Kepala Pengawas Nuklir PBB Mengatakan Iran Akan Mulai Memberi ‘Kurang Akses’ ke Situs Nuklir

by Admin


JERUSALEM, Israel – Kepala pengawas nuklir Perserikatan Bangsa-Bangsa mengatakan pada hari Minggu bahwa Iran akan mulai memberikan badannya “akses yang lebih sedikit” ke situs nuklirnya sebagai bagian dari upaya untuk menekan Barat untuk mencabut sanksi AS yang melumpuhkan.

Komentar Rafael Grossi itu muncul setelah dirinya menggelar pertemuan darurat dengan pejabat di Iran. Dia menekankan bahwa jumlah pengawas yang sama dari Badan Energi Atom Internasional (IAEA) akan terus memantau program atom Iran, tetapi akan ada “hal-hal yang kami kehilangan.”

Grossi, direktur jenderal IAEA, memberikan sedikit rincian tentang kesepakatan yang dicapai badan tersebut dengan Iran. Dia mengatakan Teheran akan terus mengizinkan kelompok pengawas untuk memantau hingga tiga bulan, menggarisbawahi jendela yang menyempit bagi kekuatan dunia untuk menyelamatkan kesepakatan nuklir yang ditandatangani dengan Iran pada 2015.

“Harapan IAEA adalah menstabilkan situasi yang sangat tidak stabil,” kata Grossi. “Saya pikir pemahaman teknis ini dilakukan sehingga konsultasi politik lain di tingkat lain dapat berlangsung dan yang terpenting kita dapat menghindari situasi di mana kami akan, dalam istilah praktis, terbang buta. “

Menteri Luar Negeri Iran Mohammad Javad Zarif mengatakan dalam sebuah wawancara di TV Iran hari Minggu sebelum bertemu dengan Grossi bahwa Iran akan berhenti memberi IAEA akses ke kamera di fasilitas nuklirnya. Zarif juga merujuk pada undang-undang yang disahkan oleh parlemen Iran pada bulan Desember yang menuntut negara itu menangguhkan beberapa inspeksi fasilitasnya jika AS tidak mencabut sanksi. Undang-undang tersebut diharapkan mulai berlaku pada hari Selasa.

“Ini bukan tenggat waktu bagi dunia. Ini bukan ultimatum, ”kata Zarif. “Ini adalah masalah internal domestik antara parlemen dan pemerintah.”

Baca Juga:  Warga Australia yang Terdampar: Rencana Daniel Andrews dicambuk sebagai 'tercela'

“Kami memiliki demokrasi. Kami seharusnya menerapkan hukum negara. Dan parlemen mengadopsi undang-undang – suka atau tidak. “

Komentar Zarif menandai pengakuan tingkat tertinggi atas apa yang Iran rencanakan untuk dilakukan ketika memutuskan untuk berhenti mengikuti apa yang disebut “Protokol Tambahan.” Protokol tersebut adalah kesepakatan rahasia yang dicapai antara Iran dan IAEA sebagai bagian dari kesepakatan nuklir 2015.

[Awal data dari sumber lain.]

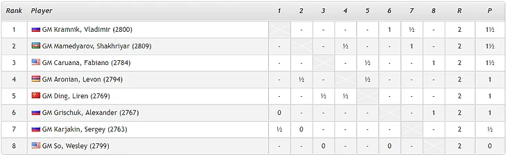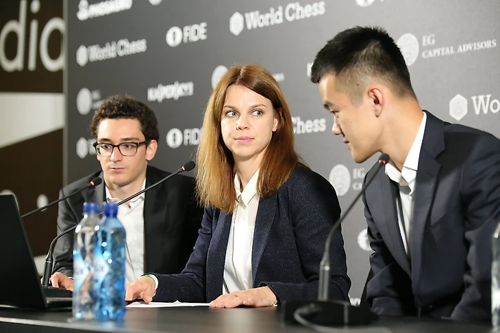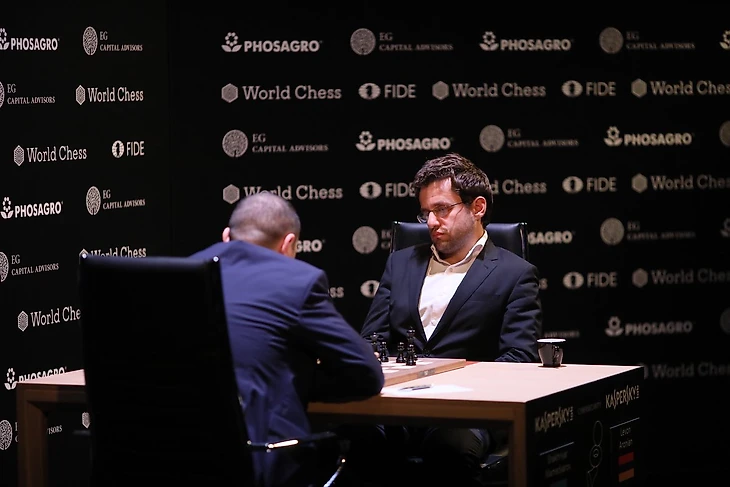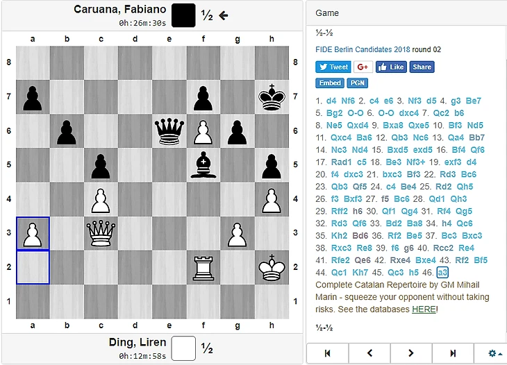Принципиально разыгранный дебют, смелая жертва качества от Каруаны, точная игра Дина, закономерная ничья.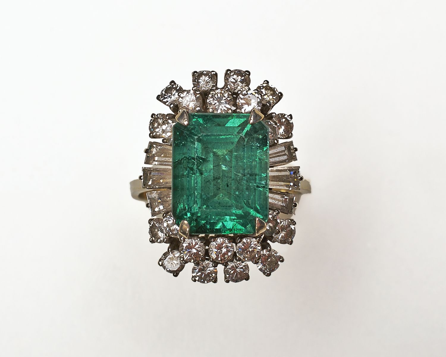 Anello in oro bianco, smeraldo e diamanti incastonato con smeraldo taglio...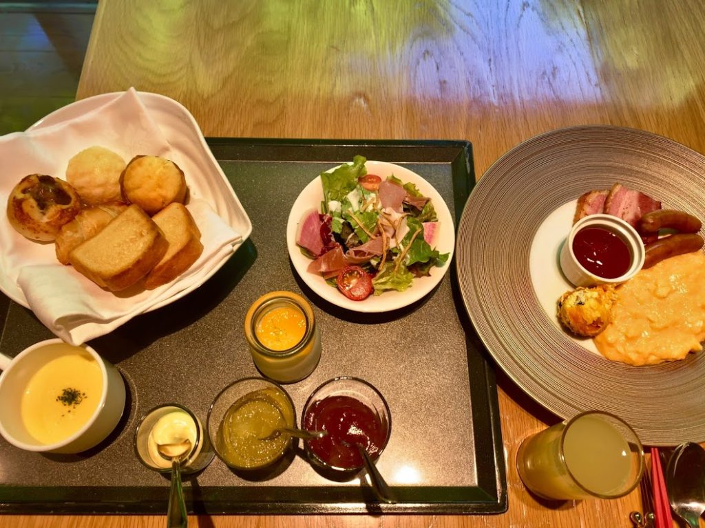 朝餉。夕食と同じ青森りんごキッチンで。
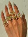 7pcs/Set Vintage Fashionable Elegant Hollow Floral Engraved Bezel-Set Faux Gemstone Gold Metal Rings For Women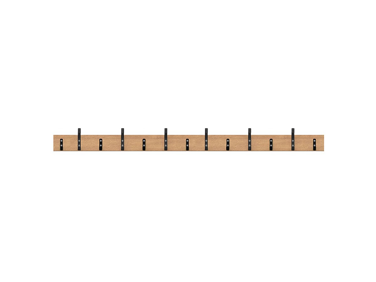 Knagerække type 103 med 6 stk. lange skolekroge og 7 stk. korte kroge. Sorte kroge, RAL 9005 og liste i birk højtrykslaminat, bredde 2000 mm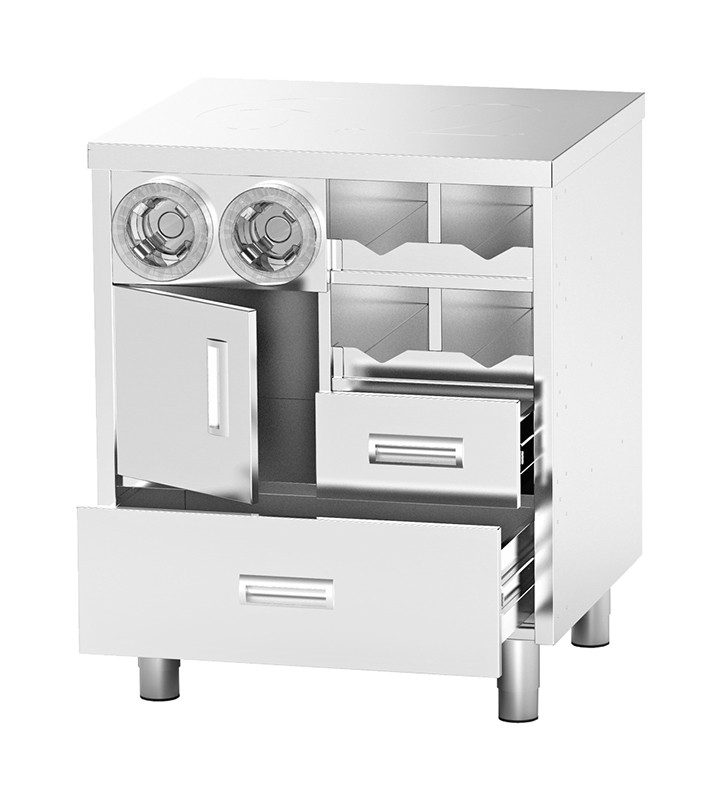 Два висувних ящика для зберігання інвентарю або упаковки.

Di bawah protokol, IAEA “mengumpulkan dan menganalisis ratusan ribu gambar yang diambil setiap hari oleh kamera pengintai canggihnya,” kata badan tersebut pada 2017. Badan tersebut juga mengatakan kemudian bahwa mereka telah menempatkan “2.000 segel anti-rusak pada bahan dan peralatan nuklir. . ”

Grossi mengatakan hukum parlementer Iran “berarti bahwa Protokol Tambahan, yang sangat saya sesalkan, akan ditangguhkan.”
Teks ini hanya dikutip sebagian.